### Assigned task:
Please output the lines from the one with "O projeto oferece" through the end of the data exactly as written, omitting all pictures.

### Given material:
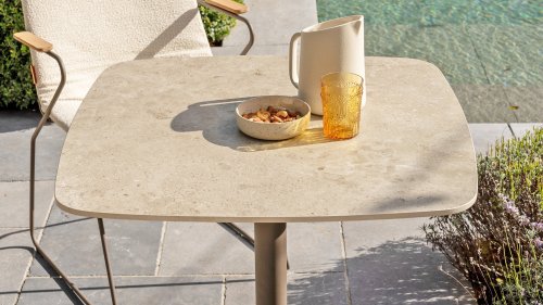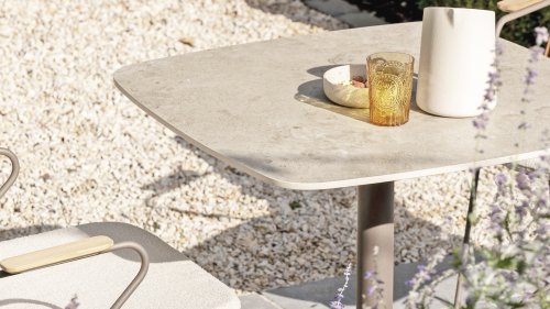 Dieser Tisch mit einer Größe von 75x75 cm verfügt über eine elegante Keramikplatte, die sowohl stilvoll als auch praktisch ist. Die Keramik ist nicht nur langlebig und leicht zu reinigen, sondern verleiht auch ein luxuriöses Aussehen. Das Gestell ist in einem warmen, erdigen Farbton namens terre gehalten, der perfekt zu modernen und rustikalen Innenräumen/Gärten passt.
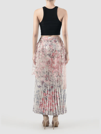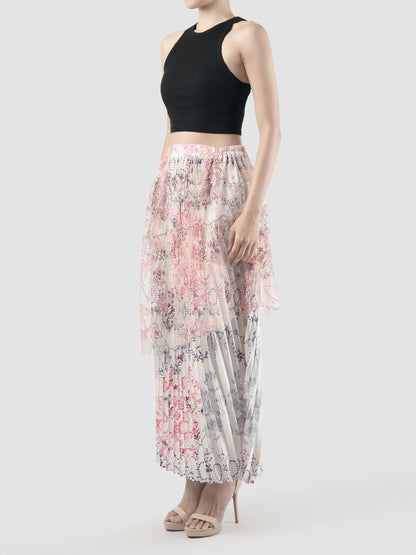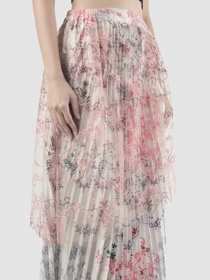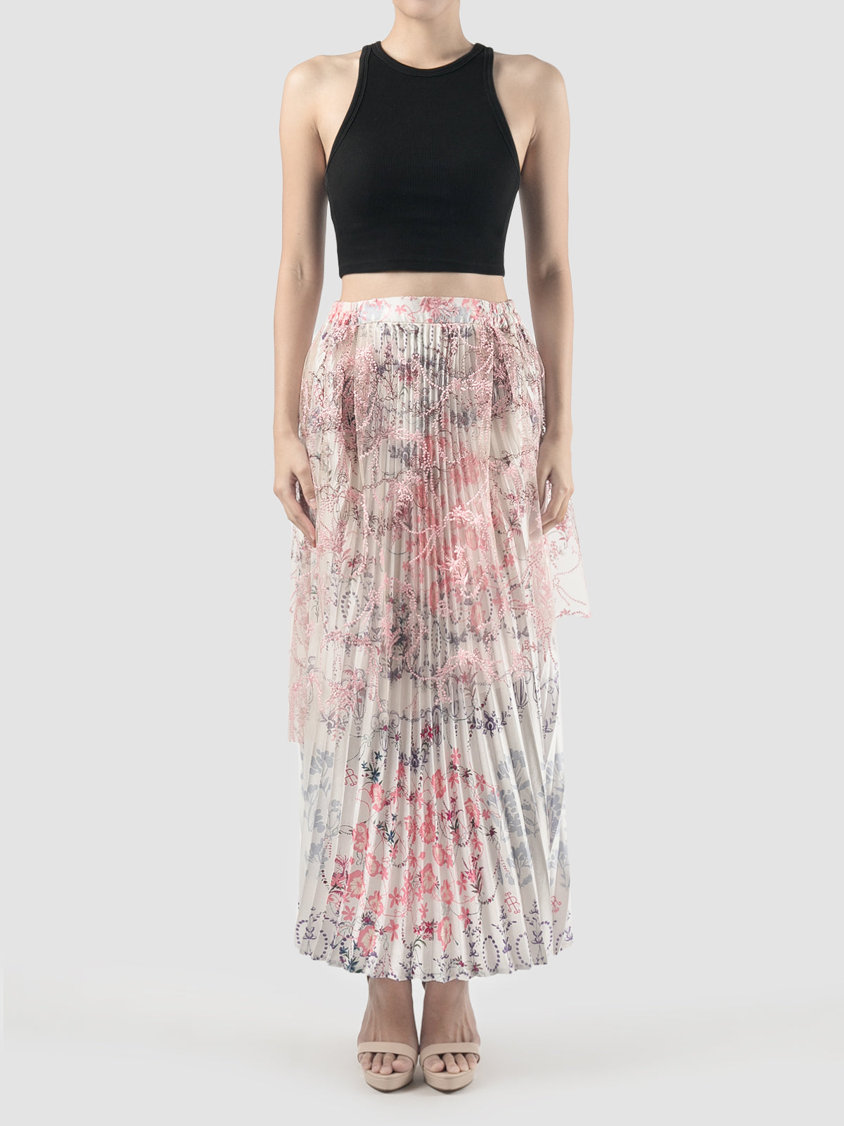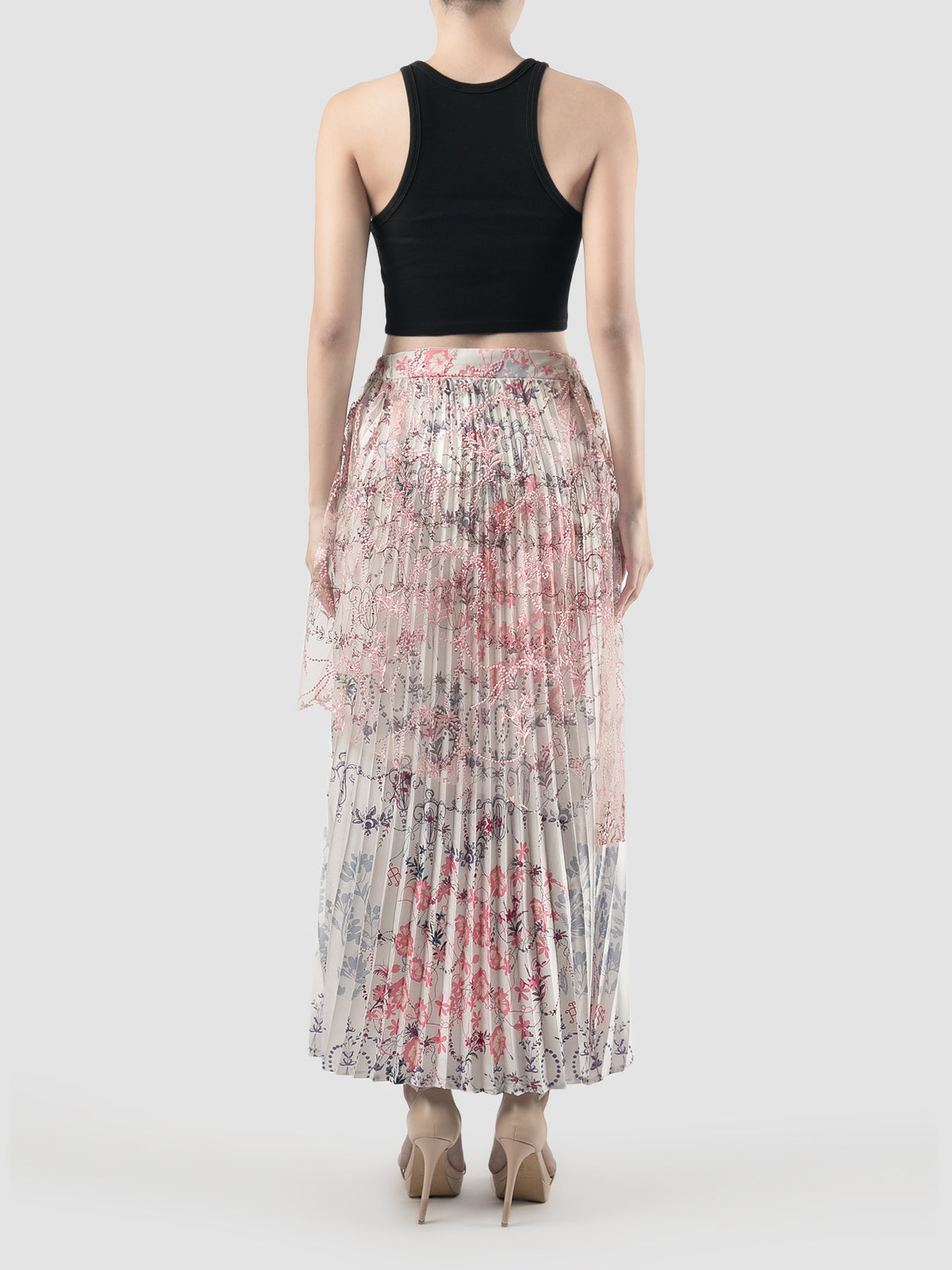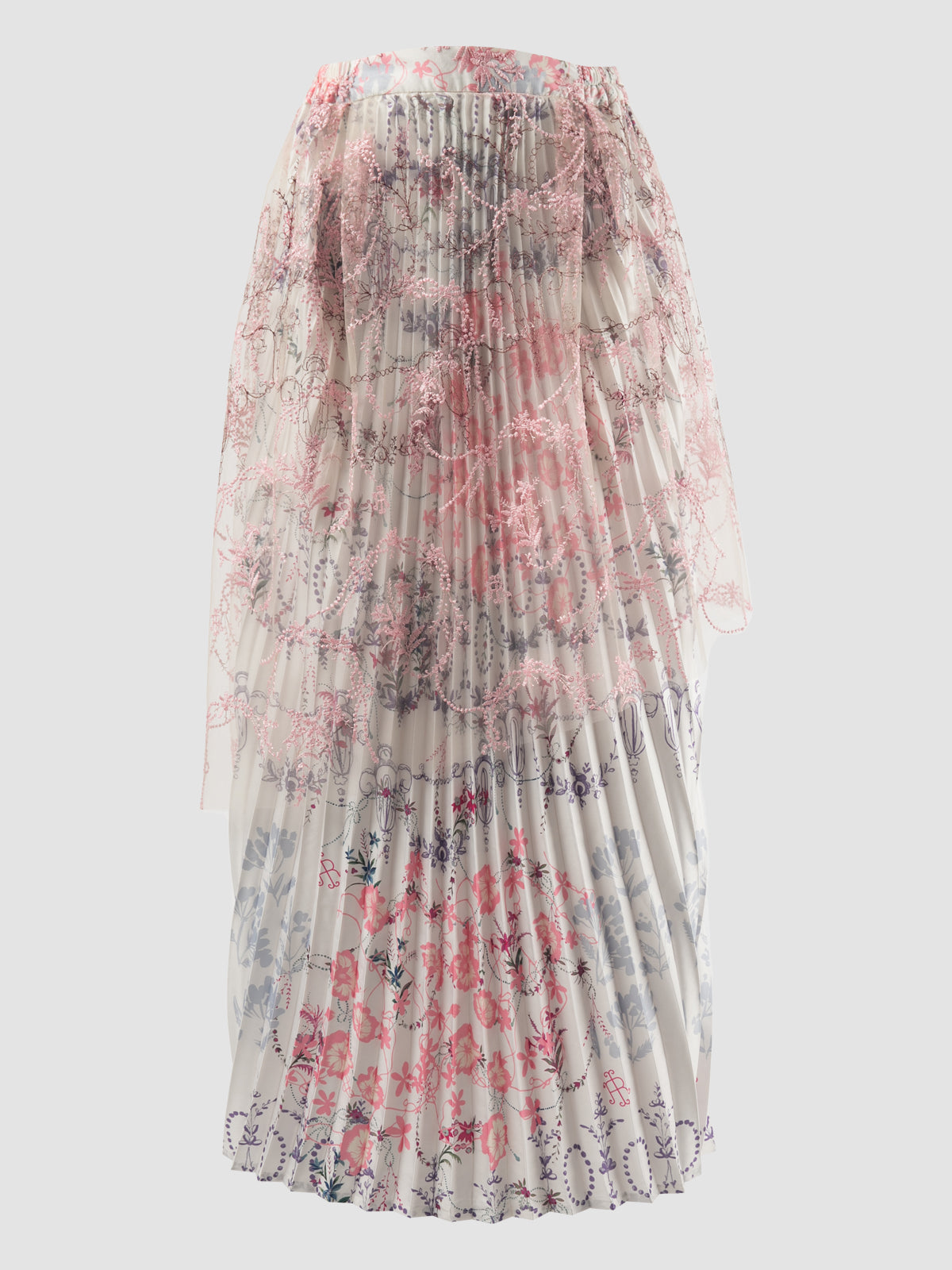 This intricately layered skirt features a combination of embroidery lace and sateen printed pleats.
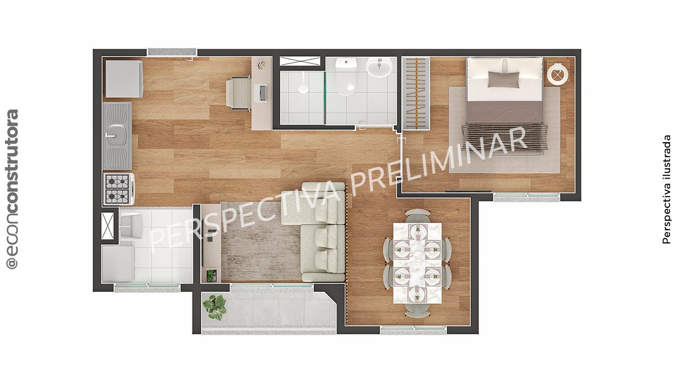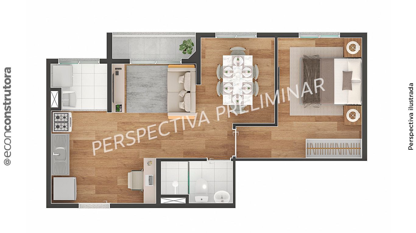 O projeto oferece tipologias funcionais com plantas versáteis e bem distribuídas. Todas as unidades contam com varanda e integração de ambientes, permitindo mais luminosidade e ventilação.
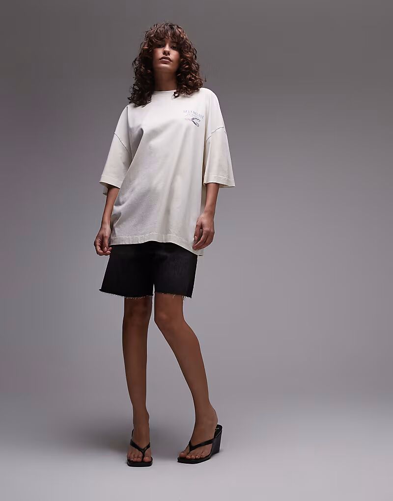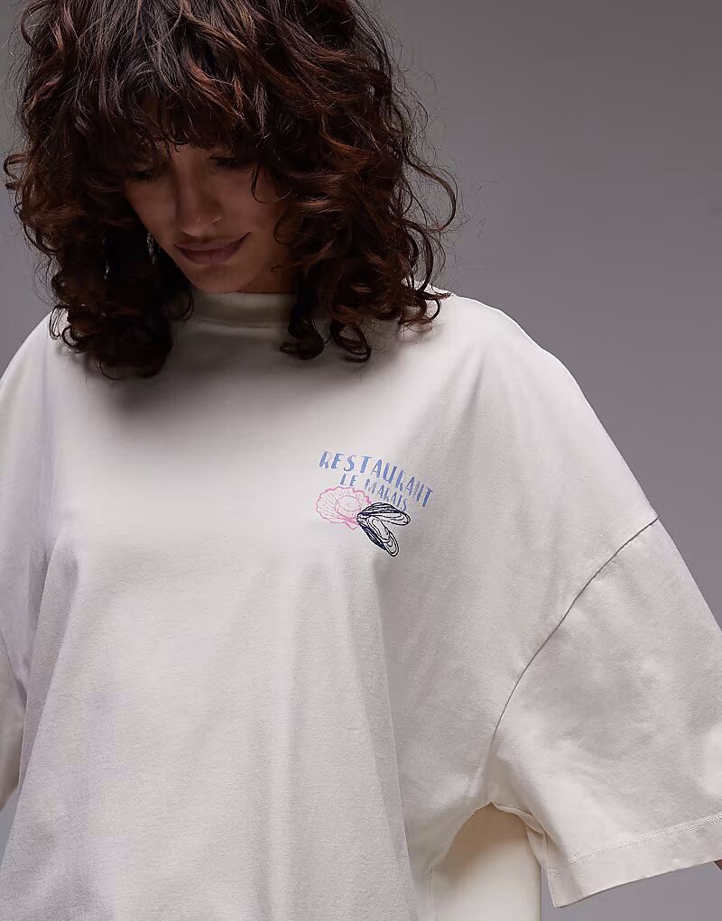 Футболка Topshop oversize с принтом устрицы цвета экрю

### Answer section:
 O projeto oferece tipologias funcionais com plantas versáteis e bem distribuídas. Todas as unidades contam com varanda e integração de ambientes, permitindo mais luminosidade e ventilação.
 Футболка Topshop oversize с принтом устрицы цвета экрю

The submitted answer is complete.